One late afternoon, Lambert visited a pub off the country road that runs through the vineyards of Barossa. He asked a local bartender if he knew of any winemakers in the area. The bartender offered Lindsay Stanley's name, well-known as Australia's premier winemaker. When Lambert asked how to reach Stanley, the bartender pointed to him, slouched and asleep in the pub's corner.
"We talked for a while over numerous beers," Lambert said. "We agreed that he would make some high-end wine for me. Then, he asked for my checkbook."
Originally called Lambert Stanley, Stanley opted to swap the names just before the first bottles were corked. Now, Stanley Lambert provides 20,000 cases of delectable wine each year.
"We make smaller batches of wine and pay a lot of attention to everything in the process," Lambert told me, "from how the grapes are grown and harvested, to how they are crushed, fermented and aged. I guess we sweat the details because we want good stuff to drink ourselves."
They use fine-oak barrels and don't rush wine to the market, but instead, age it in the winery until the wine is ready to open.
On that smaller scale, Lambert has been very successful. His son-in-law, Elliot Pemberton, is based in Las Vegas and handles all of the distribution and networking while Lambert currently enjoys Christmas during the summer months in OZ.
At their warehouse, I asked Pemberton if he married Lambert's daughter, Kari, because of the wine business. He laughed and flashed his contagious smile, "No, no. We met before Jim got into the business."
After married, both were bored with their day jobs. So, they went to work for Stanley Lambert. While Pemberton pounds the pavement, his wife handles accounting and other organizational necessities.
As a small business, Stanley Lambert supports its brethren and only retails to privately owned, small boutiques. However, many restaurants in Las Vegas carry their wines. They couldn't sell to a Lee's Discount Liquor even if they wanted to, because they don't produce enough volume. But compare a chardonnay from a wine behemoth like Kendall Jackson to Stanley Lambert's Pristine Chardonnay (made without any oak!) and you'll understand the importance of quality versus quantity.
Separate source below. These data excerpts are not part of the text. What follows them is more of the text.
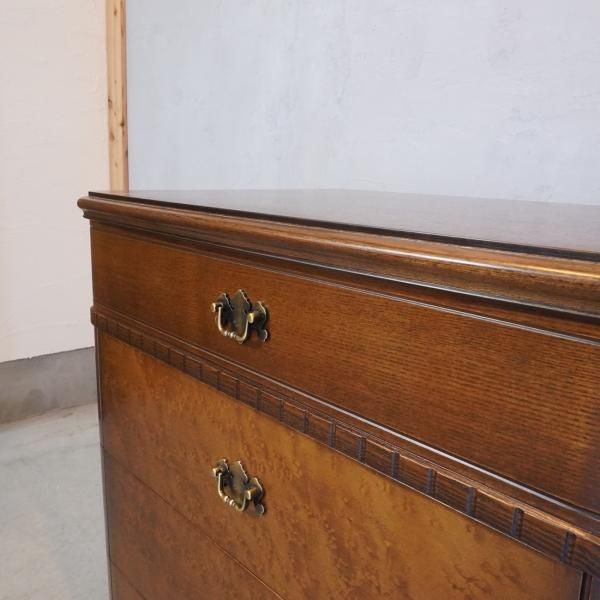 シンプルなデザインですが、上品な雰囲気を醸し出すアンティーク調のチェスト。
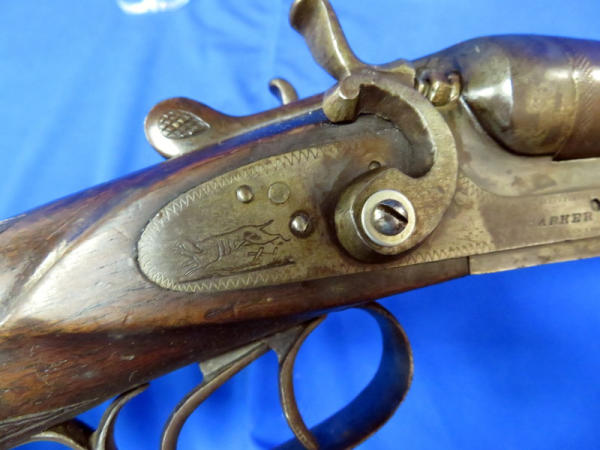 28" BBL's; bluing is thin; has factory engraved rabbit, hunter & dog on side of receiver; Belgium made; break action is smooth; wood has wear & dark finish; 2-triggers; 2-7/8" chamber; right MC, left FC; no SN#
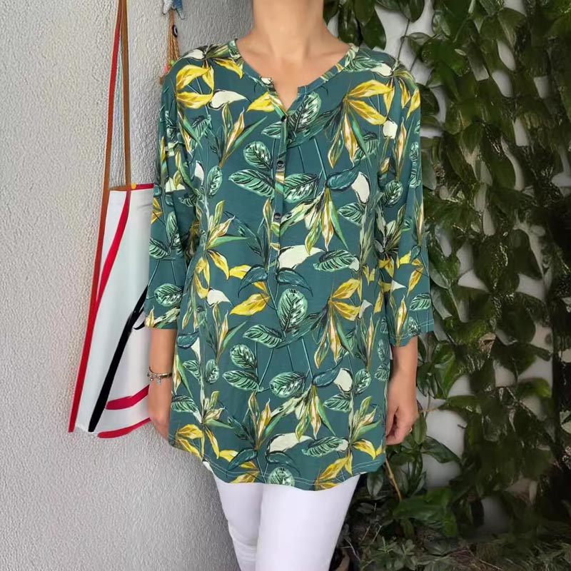 Dámský ležérní svetr 2025 s potištěným knoflíkem a výstřihem do V
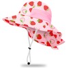 - SAFETY RELEASE CHIN STRAP: The toddler bucket hat has a chin strap to keep it stay on baby head when they are playing or in wind. Great for little girls and boys playing at the play ground. Definitely an idea gift to your child, niece, granddaughter or grandson on birthday, summer holiday or festival
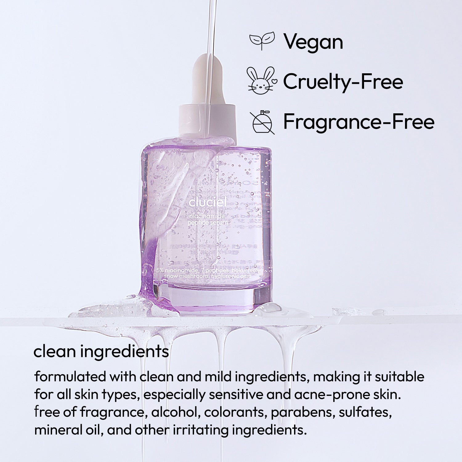 Clean, Vegan, and Cruelty-free. Formulated with clean and mild ingredients, it is suitable for all skin types, especially sensitive and acne-prone skin. Free of fragrance, alcohol, colorants, parabens, sulfates, mineral oil, and other irritating ingredients.
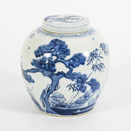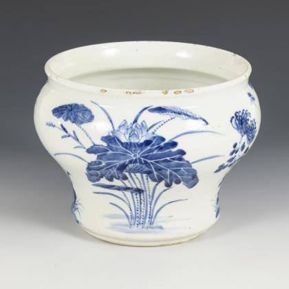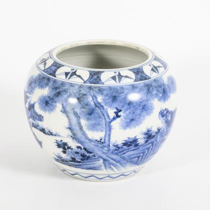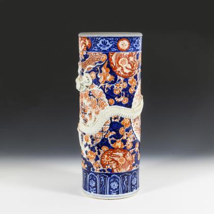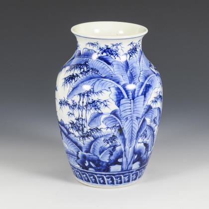 Balustervase mit drei stilisierten Blütenbäumen (Kirsche, Kiefer und ?), unten durch Bambuspflanzen ergänzt. Unterglasur-Blaumalerei, mit Gold, Grün und Rot ergänzt

And like Pemberton said, "Lindsay is an artist."
There are even details in the bottles. The names of the wines are nothing scientific. A new chardonnay will be out in the next few months called 1,000 Words. It's named for Kari, who, after a few glasses has plenty to say. A pinot noir - made from a delicate grape - will be called The Sensitive Cousin after a relative who tends to be on the more tender side of things.
Stanley Lambert wine is made in three tiers depending on the grape, the oak, the entire wine making process and obviously, the value. For example, their shiraz (my favorite) has Mustang Sally, August and The Family Tree, which, as a third tier, can spend up to 18 months in barrels. And depending on the tier you like, you'll notice a height difference in bottles. This creates an exclusive and exciting feel when choosing a wine.
Their corking is revolutionary. Avoiding screw-tops and rubber bungs to prevent spoilage, Stanley Lambert uses a new system where the cork is ground up, then pieced back together creating a tighter seal and preventing corked bottles from ever occuring.